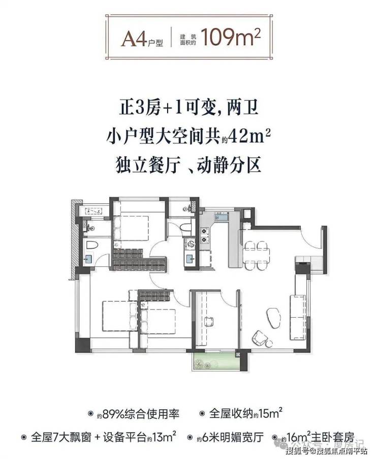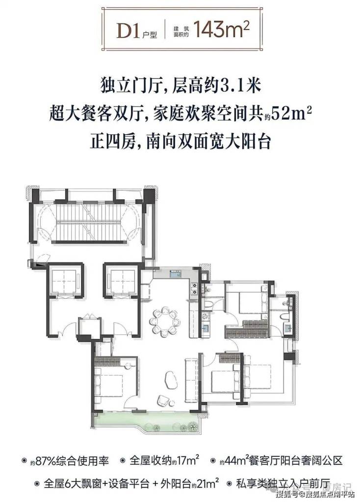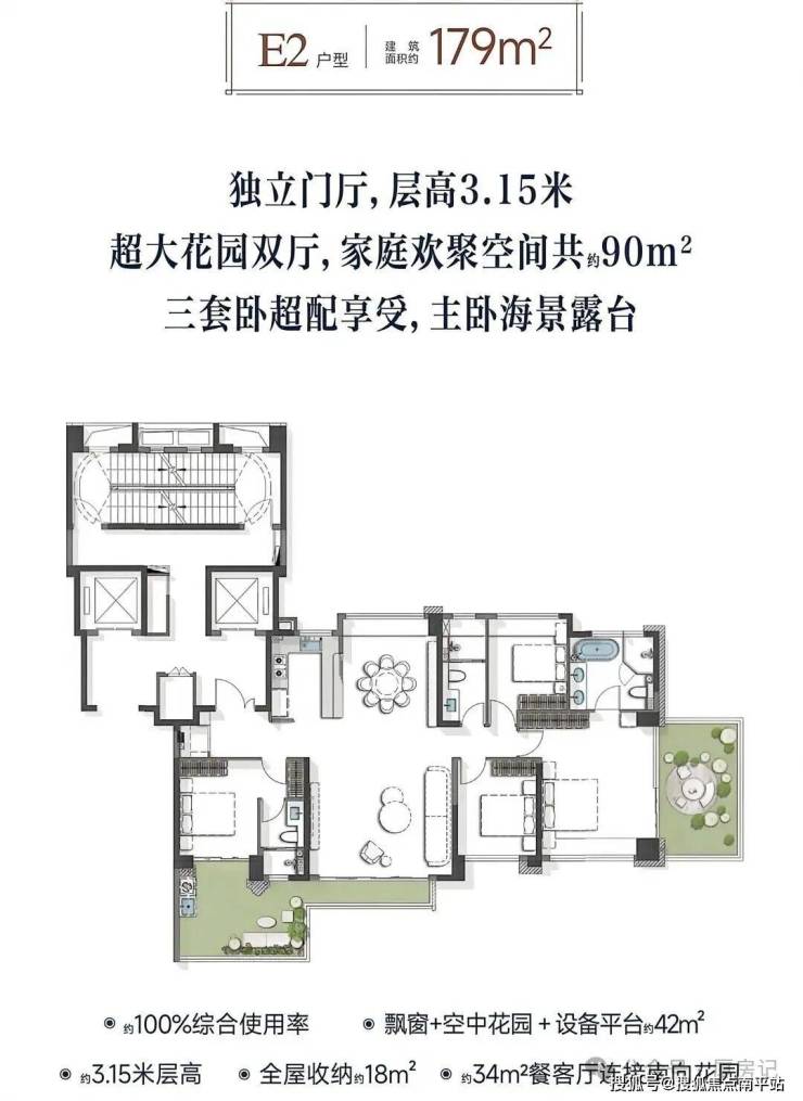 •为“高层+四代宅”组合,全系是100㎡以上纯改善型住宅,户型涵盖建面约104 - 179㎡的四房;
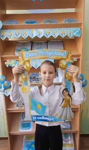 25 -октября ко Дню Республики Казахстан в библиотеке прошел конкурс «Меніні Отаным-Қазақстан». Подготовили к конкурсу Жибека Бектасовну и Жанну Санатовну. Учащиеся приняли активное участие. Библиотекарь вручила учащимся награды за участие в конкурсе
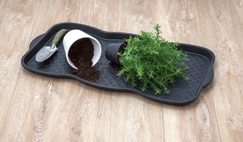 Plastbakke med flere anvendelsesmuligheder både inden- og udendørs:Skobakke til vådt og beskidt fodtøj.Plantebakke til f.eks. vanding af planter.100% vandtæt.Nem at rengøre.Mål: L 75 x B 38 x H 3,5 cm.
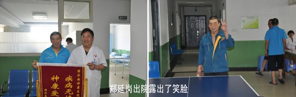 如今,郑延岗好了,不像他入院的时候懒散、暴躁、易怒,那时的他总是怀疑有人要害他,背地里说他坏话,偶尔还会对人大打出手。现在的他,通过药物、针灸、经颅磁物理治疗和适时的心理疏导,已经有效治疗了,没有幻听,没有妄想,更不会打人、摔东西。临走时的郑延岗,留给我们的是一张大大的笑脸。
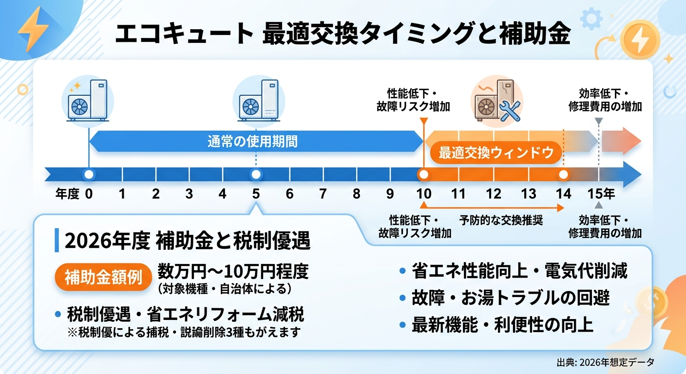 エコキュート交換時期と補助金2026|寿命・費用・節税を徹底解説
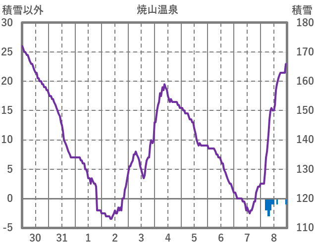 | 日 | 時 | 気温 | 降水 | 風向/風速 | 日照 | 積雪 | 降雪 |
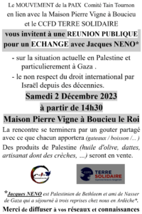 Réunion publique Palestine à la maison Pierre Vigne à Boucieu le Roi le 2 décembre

● WHAT YOU WILL DO
The answer must be the lines above from the one containing "Plastbakke med flere" through the one containing "如今,郑延岗好了,不像他入院", reproduced exactly, with no pictures and nothing else.

● TASK RESULT
 Plastbakke med flere anvendelsesmuligheder både inden- og udendørs:Skobakke til vådt og beskidt fodtøj.Plantebakke til f.eks. vanding af planter.100% vandtæt.Nem at rengøre.Mål: L 75 x B 38 x H 3,5 cm.
 如今,郑延岗好了,不像他入院的时候懒散、暴躁、易怒,那时的他总是怀疑有人要害他,背地里说他坏话,偶尔还会对人大打出手。现在的他,通过药物、针灸、经颅磁物理治疗和适时的心理疏导,已经有效治疗了,没有幻听,没有妄想,更不会打人、摔东西。临走时的郑延岗,留给我们的是一张大大的笑脸。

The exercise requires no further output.